In pursuing this course over the coming weeks and months, we should be guided of course by reason and objectivity, but also by solidarity with developing countries. Contrary to the financial markets - cold and ruthless monsters, quick to panic and meagre in compassion - we should seek inspiration in the divine qualities: mercy, kindness and slowness to anger.

Mr. Governor:

The search for timely and appropriate policies to help developing countries attain sustainable economic development in an increasingly interdependent world has been the raison d`etre of UNCTAD for over thirty years. This period has seen many far-reaching changes in the world economy. Among the most encouraging until recently had been the success of the economies in East Asia in managing their integration into the global economy, mainly through foreign trade.

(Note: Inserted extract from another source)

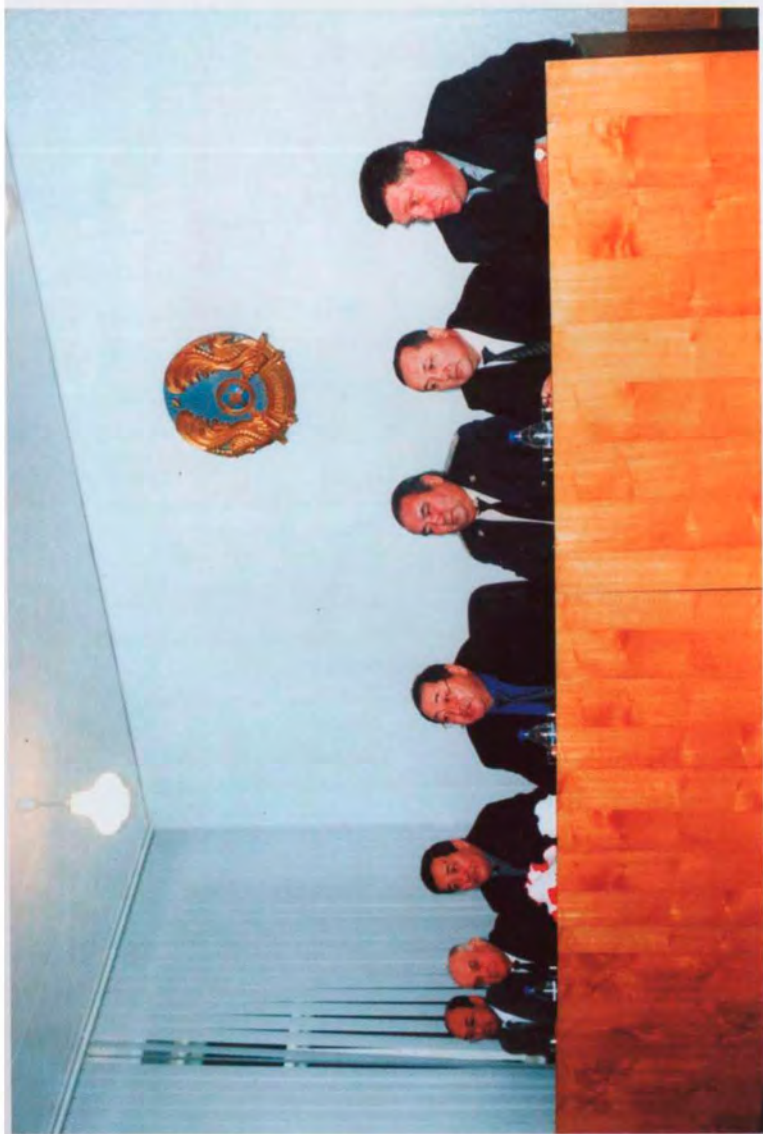
Заместитель прокурора Ақмолинской области, 1999-2001г.г.

The crisis that we are now witnessing leaves this conclusion unshaken. For the severe damage that has been inflicted on these economies by volatile financial flows was not brought about by what had been done right: that is, the prudent and skilful way they managed trade liberalisation, the gradual and careful opening up of their markets, so as to maximize the benefits of globalisation. Rather, the crisis occurred because the governments concerned were not so successful in managing integration into the capital markets with the same talent as they had shown in other areas of the economy.

At UNCTAD, we believe that well-calibrated national policies can help manage such crises, limit their potential for lasting damage, and reestablish economic growth. But, when economic crises become a systemic problem, action is also needed at the global level. The East Asian crisis is only the latest in a string of financial crises that has disrupted the global economy since the breakdown of the Bretton Woods system. The reality, it is becoming apparent, is that the international community has still to learn how to manage such turmoil, let alone prevent it. At a time when the international trading system has been subjected to mutually agreed rules, backed up by an increasingly invoked dispute settlement system, the absence of even minimal agreed guidelines covering international financial flows is striking. A global mechanism that could monitor and regulate short-term flows, without discouraging long-term money, is badly needed.

The speed at which some of the most successful developing countries in East Asia have been derailed by adverse financial flows has taken us all by surprise. Countries that year after year enjoyed growth rates of between eight and ten per cent per annum, maintained full employment, and went a long distance towards eradicating poverty are now suffering a severe economic contraction. Almost every month, growth projections for the region are being revised downwards.

On some estimates, the decline of output is expected to exceed 15 per cent in Indonesia, and between six and eight per cent in the Republic of Korea and Thailand. Apart from China and its Taiwan Province, barely any country in the region is projected to register positive growth this year. The extent of decline and hardship is unprecedented, surpassing even those experienced during the collapse of communism in Central and Eastern Europe.

Growth in South Asia also declined in 1997, falling to under five per cent, compared with 6.8 per cent the previous year. The crisis further east undoubtedly contributed to this more modest performance. But restrictions on capital account convertibility and more limited exposure to short-term foreign debt restricted the damage. The villain of the piece in South Asia was more that familiar culprit, adverse weather conditions. Although political instability and inadequate infrastructure will continue to act as brakes on growth in the region, in 1998 UNCTAD expects that both Pakistan and India will see a return to 1996 levels of growth. As South Asian growth last year exceeded that in South-East Asia for the first time this decade, the tortoise will have caught up with the hare.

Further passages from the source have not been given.